### DATA PROVIDED

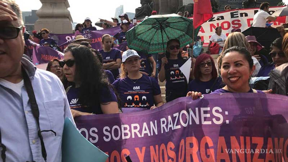 En el marco de la conmemoración del Día Internacional de la Mujer, mujeres capitalinas se reunieron en el Ángel de la Independencia para marchar hacia el Hemiciclo a Juárez
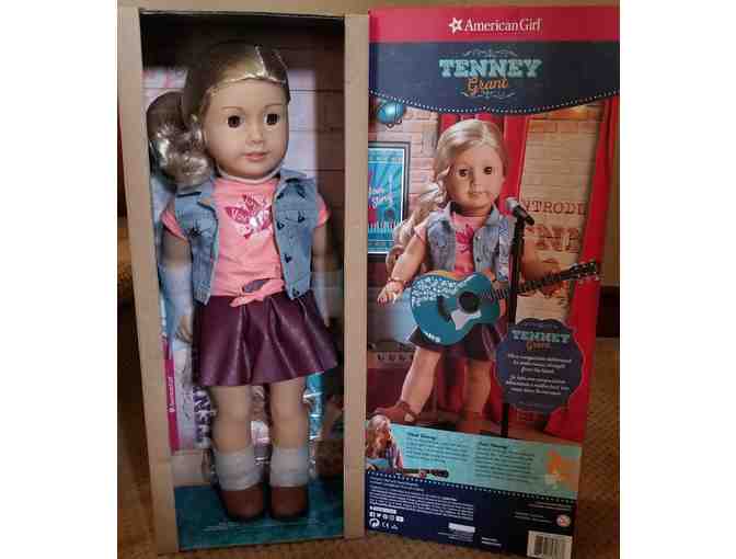 - 18" Tenney doll with light brown eyes that open and close, freckles on her nose, and long, curly blond hair.
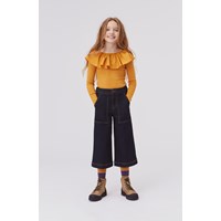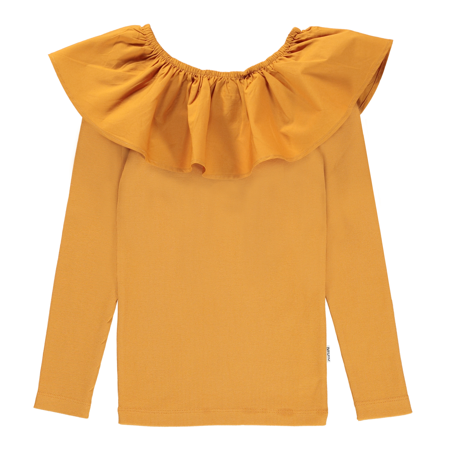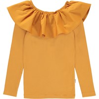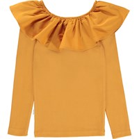 Renate ist eine goldene Langarm-Bluse in Ripp-Qualität mit großem Rüschenkragen, der entweder auf den Schultern sitzen oder ein wenig nach unten gezogen werden kann, damit die Schultern frei sind.
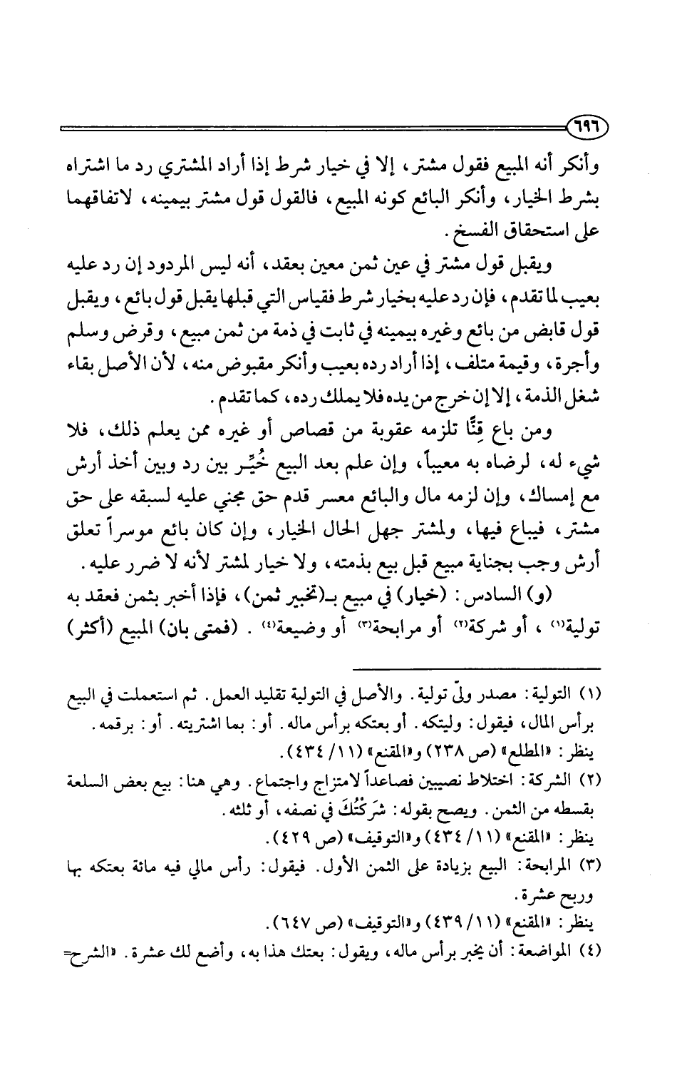 (¬3) المرابحة: البيع بزيادة على الثمن الأول. فيقول: رأس مالي فيه مائة بعتكه بها وربح عشرة.
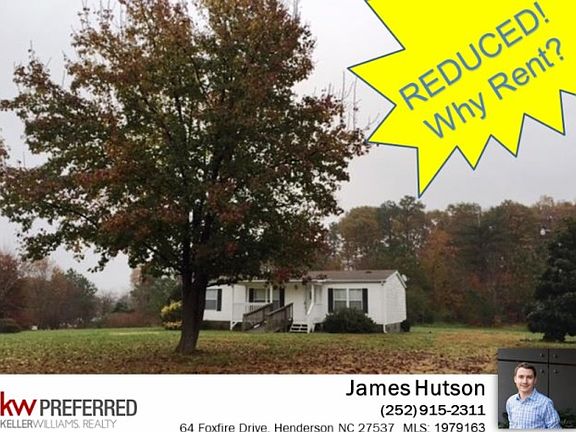 This 1200 square foot mobile / manufactured home has 3 bedrooms and 2.0 bathrooms. This home is located at 64 Foxfire Dr, Henderson, NC 27537.
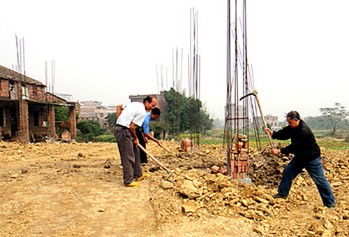 图为欧光宙在兴建的村活动室边带领村民做义务工
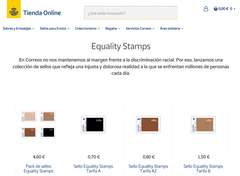 На сайте испанской почты стали продавать однотонные марки разных цветов в целях борьбы с расизмом.
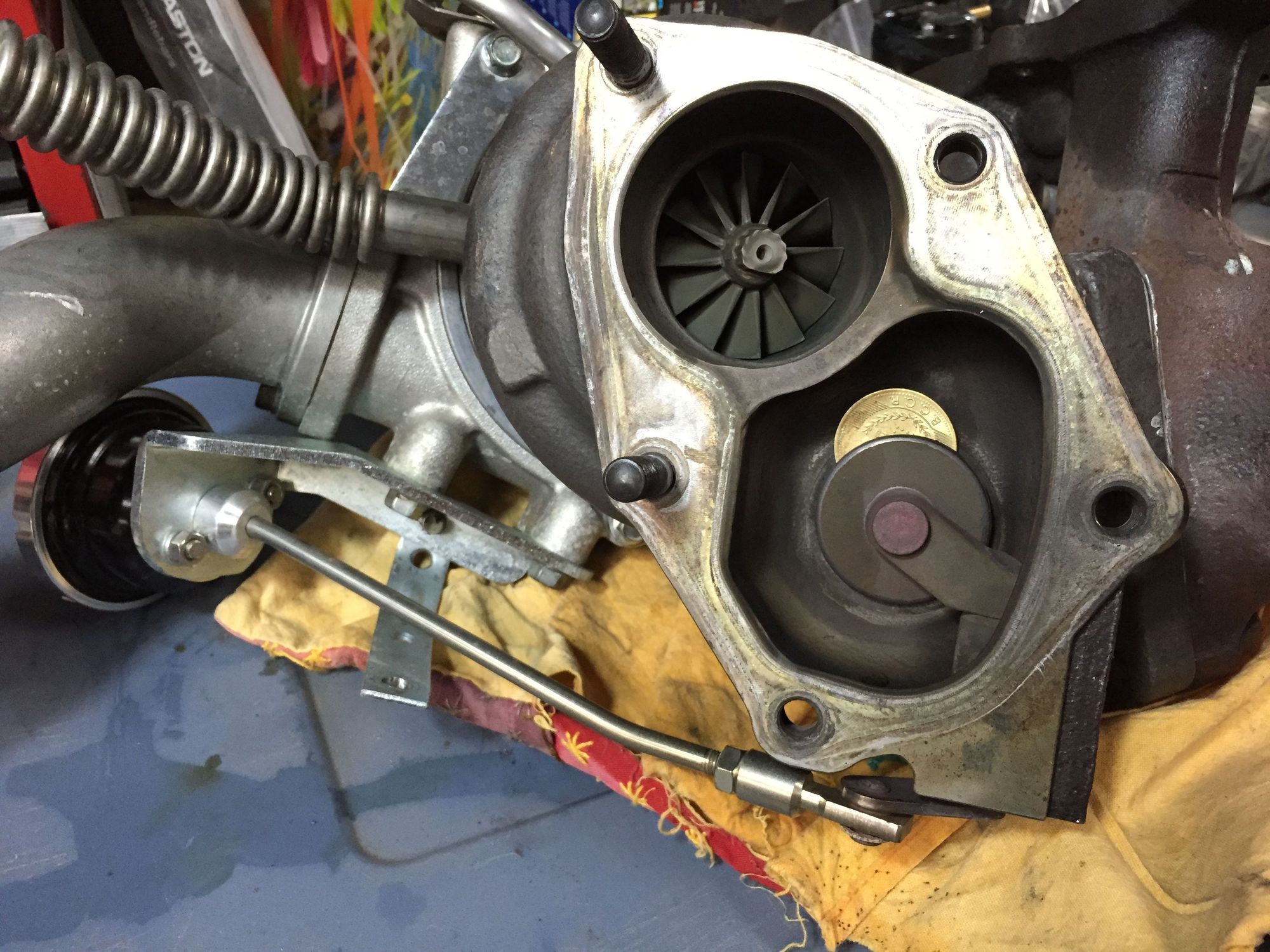 ...and this validates the flapper is getting all twisted. Likely caused by some material spec issues at HK$. Having spoken to some folks who work at Garrett, they suggested these are MHI turbos sourced by HKS from Greddy (TRUST). Funny world.

### TASK DETAILS
Find "На сайте испанской" in the entries, then reproduce that line and each line after it exactly, through the last one. Pictures do not go in.

### ANSWER SECTION
 На сайте испанской почты стали продавать однотонные марки разных цветов в целях борьбы с расизмом.
 ...and this validates the flapper is getting all twisted. Likely caused by some material spec issues at HK$. Having spoken to some folks who work at Garrett, they suggested these are MHI turbos sourced by HKS from Greddy (TRUST). Funny world.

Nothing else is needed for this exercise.